92. The Committee was also of the view that article 25 of the Penal Code did not sufficiently ensure conformity with article 4 of the Convention; that the Penal Code should be brought into line with article 2, paragraph 3, and article 3 of the Convention; and that the law should be further developed not only regarding compensation but also in respect of providing full rehabilitation for victims of torture.



CAT A/49/44 (1994)



97. The Committee against Torture considered the periodic report of Ecuador (CAT/C/20/Add.1) at its 164th and 165th meetings, held on 15 November 1993 (see CAT/C/SR.164 and 165), and adopted the following conclusions and recommendations:


A. Introduction


98. The Committee thanks the State party for its report and its sincere cooperation in the constructive dialogue with the Committee. It takes note of the information submitted in the report and in the oral presentation by the delegation of Ecuador.


99. Ecuador has fulfilled its obligation to submit a periodic report under article 19 of the Convention. Its next report is due on 28 April 1997.


B. Positive aspects


100. The Committee appreciates the firm commitment of the Government of Ecuador to the promotion and protection of human rights and in particular its efforts to eradicate all forms of torture.


101. It also appreciates the efforts made by Ecuador to modernize its legislation (Constitution, Penal Code, Code of Penal Procedure, and Act on the Attorney-General's Office) and to establish a Judicial Police, which will be the only public body responsible to criminal investigation, under the direct supervision of independent magistrates.


C. Subjects of concern


102. The Committee is nevertheless concerned by the many allegations received from various non-governmental organizations regarding torture, which is reportedly practised in a number of places of detention and prisons, particularly in the premises of the Crime Investigation Office.
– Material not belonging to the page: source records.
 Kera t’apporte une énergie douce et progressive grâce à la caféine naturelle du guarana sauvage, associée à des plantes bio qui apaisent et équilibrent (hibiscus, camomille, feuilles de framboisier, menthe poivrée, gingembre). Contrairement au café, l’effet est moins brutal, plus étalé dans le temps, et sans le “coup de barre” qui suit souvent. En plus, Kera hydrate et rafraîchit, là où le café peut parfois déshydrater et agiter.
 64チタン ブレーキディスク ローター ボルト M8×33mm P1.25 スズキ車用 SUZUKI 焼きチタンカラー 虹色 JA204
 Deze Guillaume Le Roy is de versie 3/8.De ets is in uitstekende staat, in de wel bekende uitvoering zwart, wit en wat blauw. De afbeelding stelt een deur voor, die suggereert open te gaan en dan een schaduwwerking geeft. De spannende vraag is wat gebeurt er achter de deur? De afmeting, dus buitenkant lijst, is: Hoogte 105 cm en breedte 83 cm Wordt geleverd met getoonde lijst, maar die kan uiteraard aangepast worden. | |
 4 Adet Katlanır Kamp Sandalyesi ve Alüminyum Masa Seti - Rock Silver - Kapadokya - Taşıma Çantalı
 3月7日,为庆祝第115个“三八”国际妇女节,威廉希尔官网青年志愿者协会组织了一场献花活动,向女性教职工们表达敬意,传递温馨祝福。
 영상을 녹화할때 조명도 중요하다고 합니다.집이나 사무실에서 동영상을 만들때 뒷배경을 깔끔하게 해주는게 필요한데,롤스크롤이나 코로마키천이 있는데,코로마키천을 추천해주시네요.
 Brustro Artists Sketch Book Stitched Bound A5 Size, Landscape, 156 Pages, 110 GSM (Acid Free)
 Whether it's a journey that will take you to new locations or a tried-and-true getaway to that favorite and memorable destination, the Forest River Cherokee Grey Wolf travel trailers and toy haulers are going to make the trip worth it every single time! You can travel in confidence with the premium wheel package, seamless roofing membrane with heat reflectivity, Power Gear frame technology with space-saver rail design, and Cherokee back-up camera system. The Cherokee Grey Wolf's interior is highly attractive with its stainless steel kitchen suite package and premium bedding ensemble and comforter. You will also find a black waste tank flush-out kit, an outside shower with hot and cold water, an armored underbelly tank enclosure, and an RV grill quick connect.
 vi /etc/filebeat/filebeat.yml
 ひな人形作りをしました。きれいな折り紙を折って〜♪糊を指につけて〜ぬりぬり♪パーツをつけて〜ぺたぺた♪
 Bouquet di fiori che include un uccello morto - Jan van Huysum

103. The Committee is also by the fact that no action has been taken on several of the recommendations it made to Ecuador in 1991, in particular those aimed at bringing all custodial measures (arrest warrants, habeas corpus) under the direct responsibility of independent members of the judiciary. In general, the Committee is concerned by the limitations that appear to be placed on the powers of the courts in Ecuador and by the existence of officials referred to as "judges" who are empowered to try cases without belonging to the judiciary and who consequently do not provide safeguards of independence.



D. Recommendations


104. The Committee recommends that Ecuador should take fundamental and urgent steps for the complete eradication of torture and other similar treatment. To that end, the Government should ensure that all forms of torture as defined in article 1 of the Convention are offences under criminal law.


105. The Committee also encourages Ecuador to implement, within a reasonable period the legislative reforms undertaken to place the criminal justice system (from the investigation of offences to the serving of sentences) under the direct supervision of independent members of the judiciary and ensure that they can quickly investigate reported or suspected cases of torture or ill-treatment.